Consider the following C-function in which a[n] and b[m] are two sorted…
2006
Consider the following C-function in which a[n] and b[m] are two sorted integer arrays and c[n + m] be another integer array.
C
void xyz(int a[], int b [], int c[])
{
int i, j, k;
i = j = k = O;
while ((i<n) && (j<m))
if (a[i] < b[j]) c[k++] = a[i++];
else c[k++] = b[j++];
}
Which of the following condition(s) hold(s) after the termination of the while loop?

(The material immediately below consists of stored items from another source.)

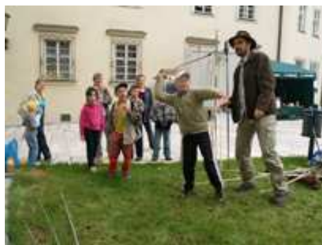
Vezmi tátu do muzea - sobota 19. 6. 2010
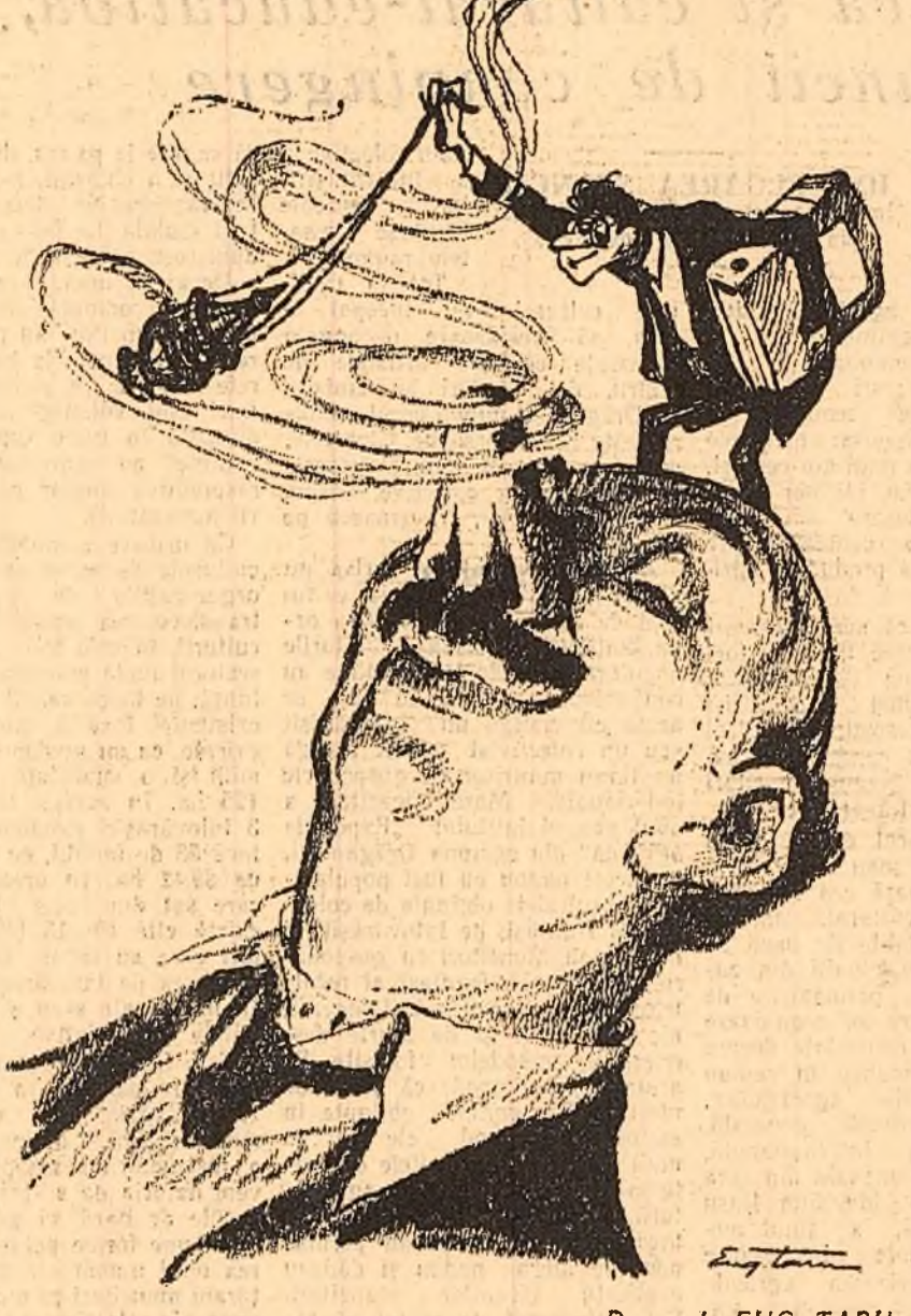
Desen de EUG. TARU
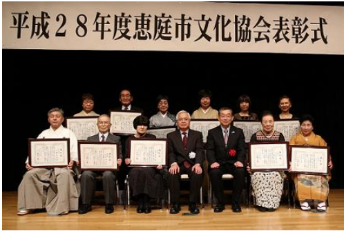
・平成28年度受賞者の皆さん(H28.11.19)
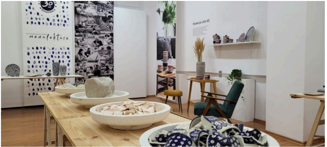
Bolesławiec - ceramika, fot. Muzeum Ceramiki w Bolesławcu
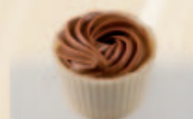
12 Dressée Gianduja
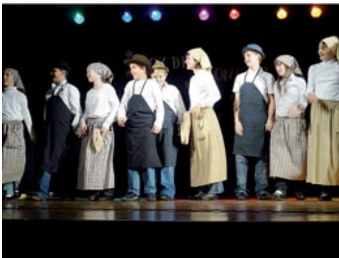
Mladi z Dolnjih Slavečev so zaplesali
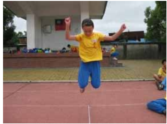
實施體適能檢測(800m 跑走)
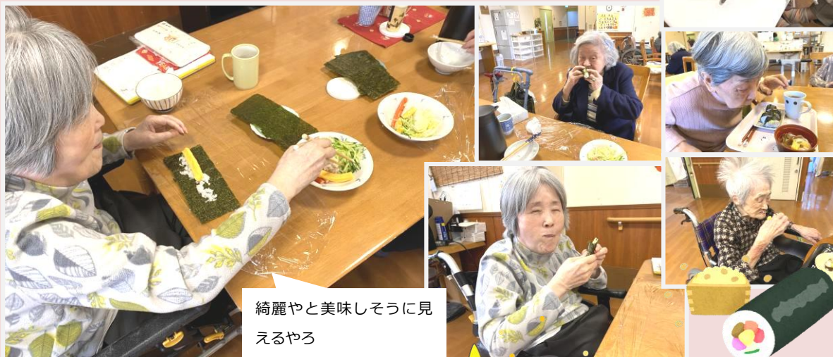
綺麗やと美味しそうに見えるやろ

今日は節分らしく巻きずしとミニうどんのセット。出汁巻き、カニカマ、椎茸など沢山の中から具材を選んでオリジナル巻きの完成です♪
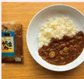
〈札幌市/キッチンアクティブ〉 帆立カレー 756円 (180g)
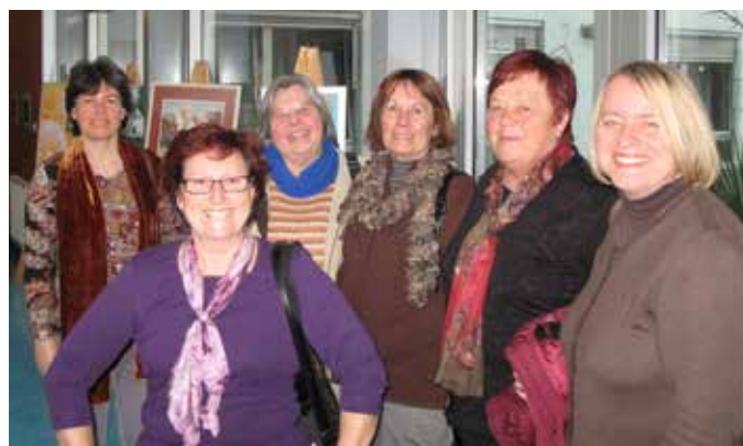
Na otvoritvi društvene razstave LDM v DSO Fužine Ljubljana
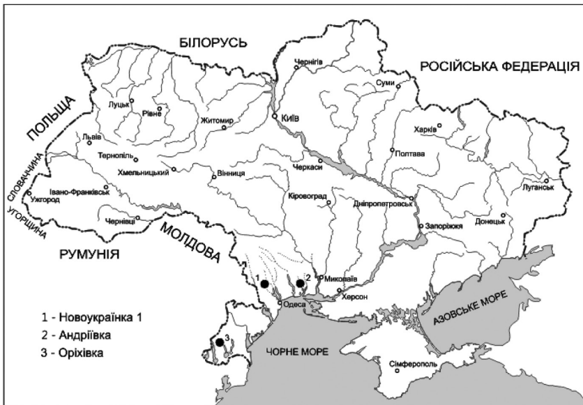
Рис. 1. Місцезнаходження решток костистих риб пізнього меотису Північного Причорномор'я

Місцезнаходження Новоукраїнка 1 ( 46^{\circ}48' пн.ш., 30^{\circ}17' сх.д.) відкрите у 1958 р. західніше однойменного села Болградського району Одеської області (рис. 1). Воно локалізоване на прорізаному ярмом правому схилі долини невеликої пересихаючої річки, яка впадає у Хаджибейський лиман [8]. У складі місцезнаходження представлені два ориктоценози, приурочені до різновікових горизонтів меотичної товщі [18]. Більш давній (Новоукраїнка 2), складений рештками крупних ссавців гіпаріонової фауни у зеленуватих суглинках із прошарками вуглистих включень і щільної пластинчастої зелено-сірої глини загальною потужністю до 1,5 м, датується раннім меотисом (MN 12). Це захоронення річкового типу має прибережно-континентальне походження [9]. Ориктоценоз утворився у результаті зносу і подальшого транспортування решток тварин водним потоком на невелику відстань. Кістки розміщені нерівномірно, вкриті залізистою кіркою, необкатані, не мають слідів погрозів хижаками [7, 8]. Гіпсометрично вище, безпосередньо під понтичними вапняками, залягає товща пісків і гравелітів алювіального походження з численними рештками дрібних ссавців і прісноводних риб, датована термінальною фазою меотису – Новоукраїнка 1 [18].

(i) j < m, k = n+j-1, and a[n-1] < b[j] if i = n
(ii) i < n, k = m+i-1, and b[m-1] <= a[i] if j = m
- A.
only (i)
- B.
only (ii)
- C.
either (i) or (ii) but not both
- D.
neither (i) nor (ii)
Attempted by 5 students.
Show answer & explanation
Correct answer: D
Final answer: neither (i) nor (ii). Both statements contain an off-by-one error in the expression for k.
Reasoning:
The while loop merges elements one at a time until one array is exhausted, so when the loop stops exactly one of these holds: i = n (first array exhausted) or j = m (second array exhausted). The other index is strictly less than its length.
If the first array is exhausted (i = n) then j < m. The total number of elements copied into c is k = i + j = n + j (k starts at 0 and increments once per copied element). The last step that made i reach n copied a[n-1], which required a[n-1] < b[j] at that time, so a[n-1] < b[j] holds.
If the second array is exhausted (j = m) then i < n. The total number of elements copied is k = i + j = i + m. The last step that made j reach m copied b[m-1], which required a[i] >= b[m-1], so b[m-1] <= a[i] holds.
The original statements gave k = n + j - 1 and k = m + i - 1, which are off by one. Because of those incorrect k expressions, neither statement (i) nor statement (ii) is fully correct.
Therefore the correct choice is the one that says neither (i) nor (ii).